Eventually, they picked up on the first signal and began digging furiously. They found Rudolph face down. Stifter performed CPR for about 30 minutes to no avail. Another group worked on digging out Brenan and Jack.
Professional skier Elyse Saugstad told NBC's "Today Show" she's convinced the air bag she deployed immediately — which she carried in a backpack and deployed with a lever by her chest — saved her life.
"It's lifting you kind of up above the avalanche," Saugstad said Monday. "It's not like you're taking an inner tube ride down some snowy field. ... It feels like you're in a washing machine."

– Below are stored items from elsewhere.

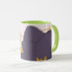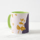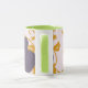 Söt och färgstark grafik, rosa, lila, brun på ljust grönt mugg.
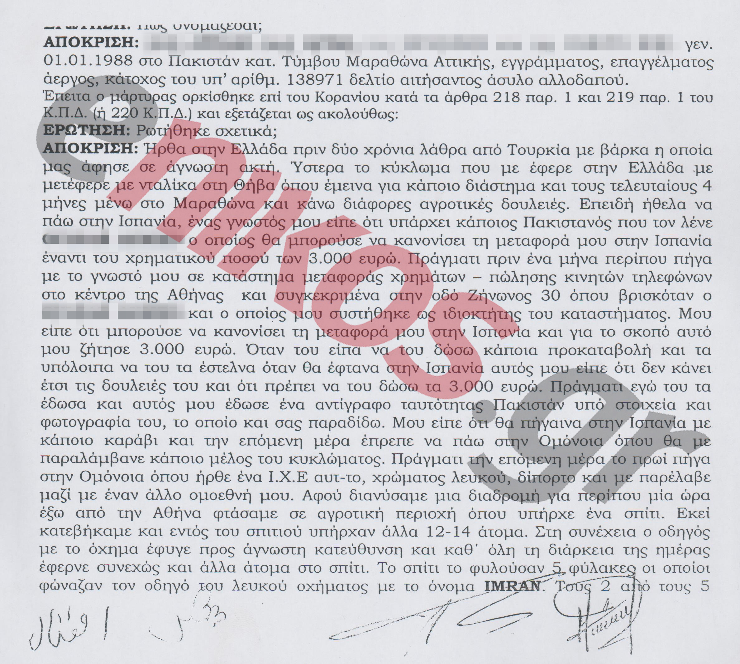 Όπως ανέφερε στην κατάθεσή του στους αστυνομικούς, του τμήματος συντονισμού της διεύθυνσης αλλοδαπών, στις 13 Φεβρουαρίου, που δημοσιεύει σήμερα ο enikos.gr, έδωσε 3.000 ευρώ σε έναν ομοεθνή του με σκοπό να κανονίσει τη μεταφορά του με πλοίο στην Ισπανία. Τον συνάντησε σε ένα κατάστημα μεταφοράς χρημάτων-πώλησης κινητών τηλεφώνων στην οδό Ζήνωνος στο κέντρο της Αθήνας, του οποίου όπως υποστήριξε ήταν ιδιοκτήτης.
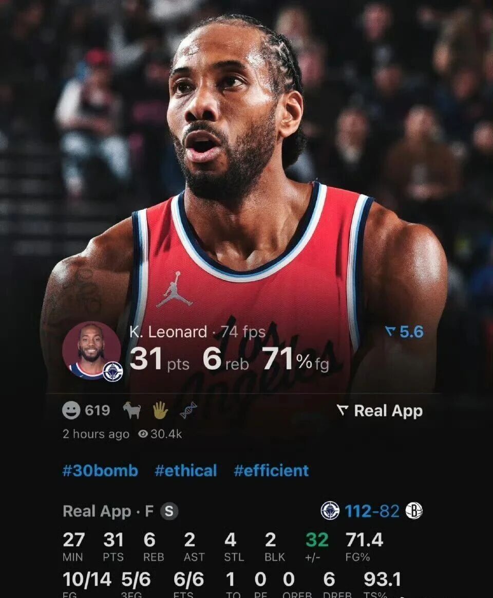 必须承认健康版本的伦纳德真强真稳,本赛季至今场均砍下24.3分5.7板3.5助2.5断,当今联盟为数不多攻防一体的核心前锋,三项命中率50.5%、40%和96.3%,跨入180俱乐部,无奈不怎么打球。

Only Saugstad had an air bag, Stifter said. Air bags range from about $600 to $1,000. They have been widely used in Europe with reports of high survival rates, but they have become popular in the U.S. only recently.
An avalanche beacon, shovel and probe are among the mandatory rescue items for those heading into the backcountry, but experts say it's best to avoid avalanches entirely.
"The truth is, if you have to use your beacon, it means you've made a big mistake," said Benj Wadsworth, executive director of the Friends of the Northwest Weather and Avalanche Center, a nonprofit that works with the center to promote avalanche education and safety. "The focus of avalanche education is to keep you out of avalanches in the first place."
Adds Moore: "There are all of these technological things that will help us, but they're not a talisman that you can wave at the snowpack. You can't wave your beacon or your air bag at the snowpack. It's not going to make you safe. It's going to help you when get in trouble. You take the stuff with you, but you don't rely on them to extend your risk."